**TASK STATEMENT:** Your reply must contain the lines from the one with "(总)安金蚊帐2025新款防" through the last line of the material, exact and complete, with no pictures and no other text.
*****
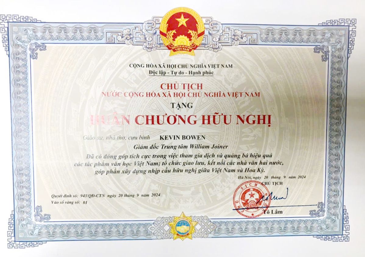Với những cống hiến không mệt mỏi của hai giáo sư, nhà thơ cựu binh Mỹ trong gần 40 năm qua, ngày 20/9/2024, Chủ tịch nước Cộng hòa xã hội chủ nghĩa Việt Nam Tô Lâm đã ký quyết định số 943/QĐ-CTN tặng Kevin Bowen và Bruce Weigl Huân chương Hữu nghị vì “đã có những đóng góp tích cực trong việc tham gia dịch và quảng bá hiệu quả các tác phẩm văn học Việt Nam; tổ chức giao lưu, kết nối các nhà văn hai nước, góp phần xây dựng nhịp cầu hữu nghị giữa Việt Nam và Hoa Kỳ”.
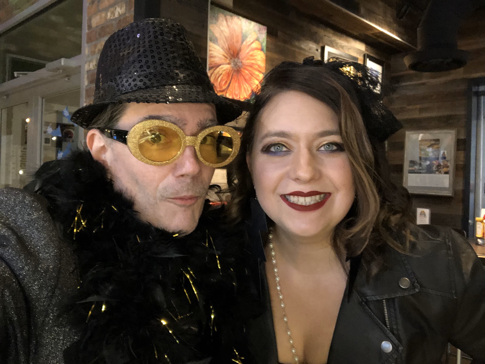 Heather Ray and I performed for a Halloween costume event in The Colony, TX, tonight! She went as Madonna and I as Elton John, plus my wife joined in on the fun as an 80s Goth punk. We always have fun performing together, but it was even more fun tonight because of everybody in the crowd was wearing some fantastic costumes! Cher, Jesus, Ghost Rider, the Power Rangers, mummies, Grumpy Cat, Jimmy Carter, a Starfleet Officer, and bunches more filled the room. Heather rules, and I’d play every show with her if I could. My niece and her husband showed up and sat up close, so I was able to joke around with them a bit all evening, which was fun, too. Great night, and the costume contest at the end was hard to judge, but congrats to the three who took home cash prizes. Next show for me is in Corpus on Halloween with Heather, and our costumes for there will be epic.
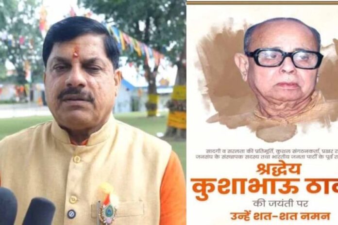 मध्यप्रदेश की राजधानी भोपाल में आज भारतीय जनता पार्टी (बीजेपी) के पितृ पुरुष कुशाभाऊ ठाकरे की जयंती मनाई गई। मुख्यमंत्री डॉ मोहन यादव कुशाभाऊ ठाकरे कन्वेंशन सेंटर में पुष्पांजलि अर्पित की। बीजेपी प्रदेश अध्यक्ष हेमंत खंडेलवाल के साथ पार्टी कार्यकर्ताओं ने पुष्पांजलि अर्पित कर उका भावभीना स्मरण किया।
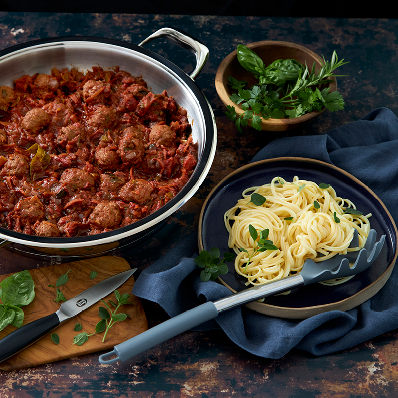 - While the meatballs are cooking, bring your AMC 24 cm Gourmet High with enough water and some salt added, to the boil.
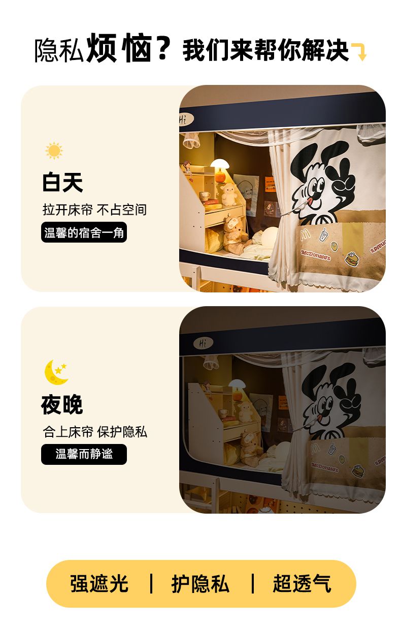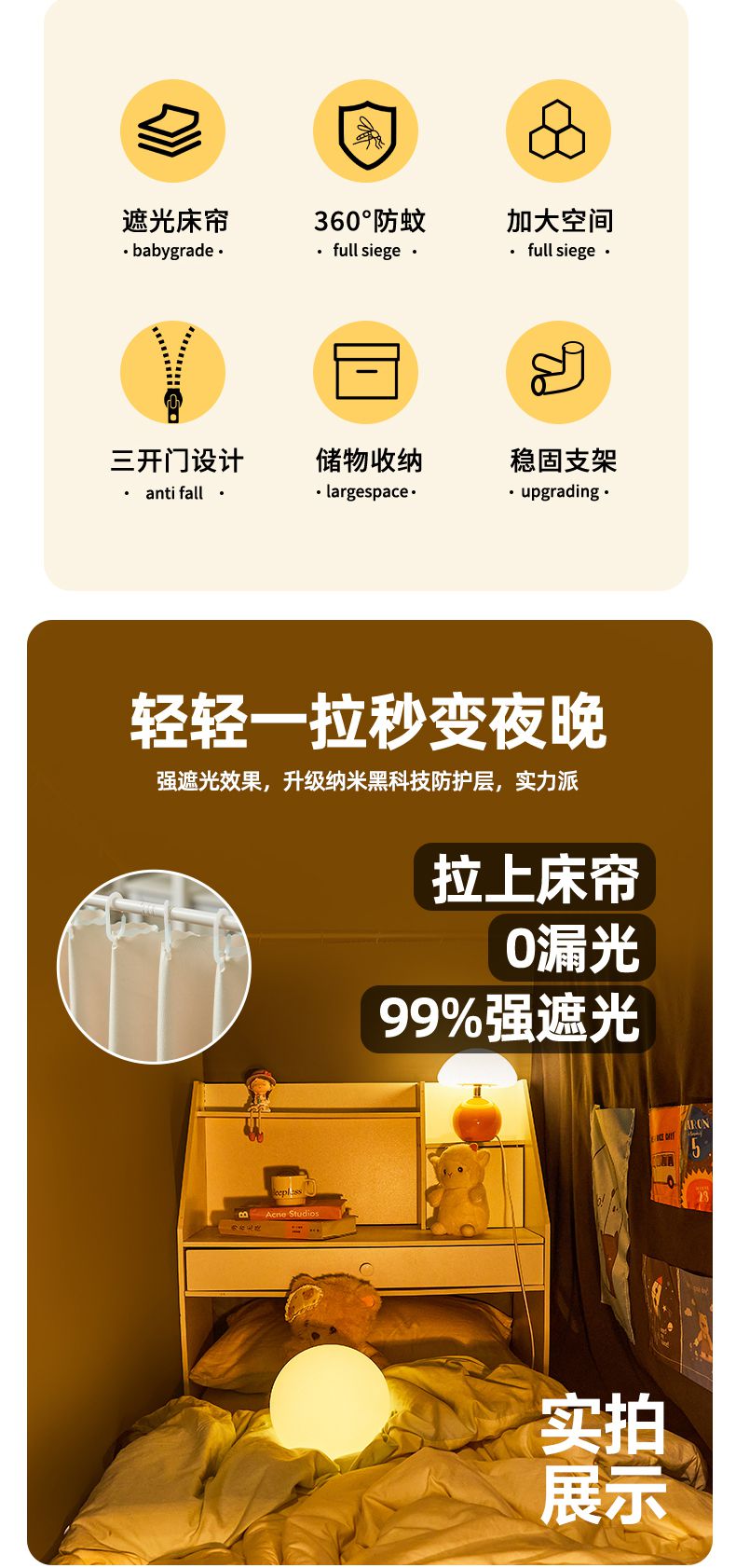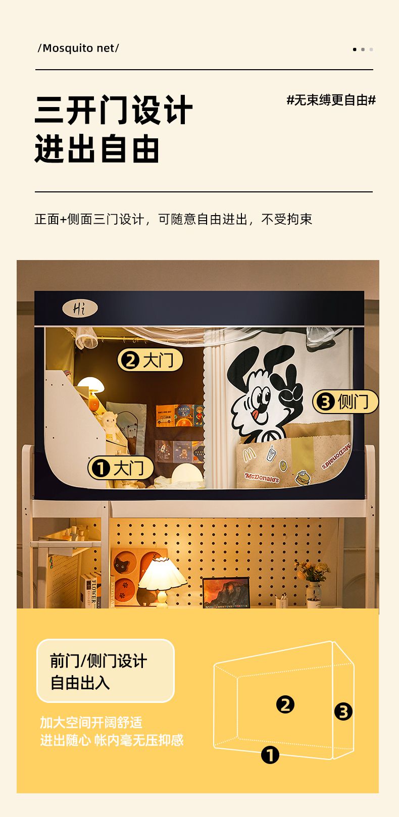 (总)安金蚊帐2025新款防蚊遮光一体99%强遮光学生宿舍上下铺遮光学生蚊帐-黄色系列,好学布布,团布布,星泡泡,贪吃猫,野餐猫,好拍档,好学卡卡,小花熊,尼尼熊,小猫莉
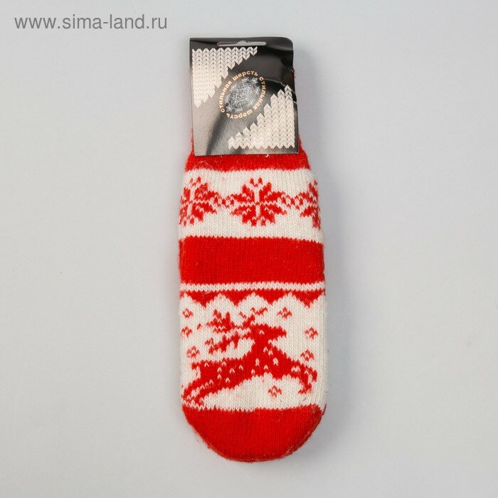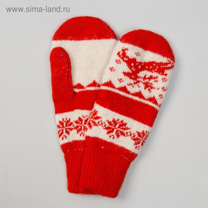 Варежки женские шерстяные, цвет красный/белый, размер 20-22
*****
**RESPONSE FOR THIS EXERCISE:**
 (总)安金蚊帐2025新款防蚊遮光一体99%强遮光学生宿舍上下铺遮光学生蚊帐-黄色系列,好学布布,团布布,星泡泡,贪吃猫,野餐猫,好拍档,好学卡卡,小花熊,尼尼熊,小猫莉
 Варежки женские шерстяные, цвет красный/белый, размер 20-22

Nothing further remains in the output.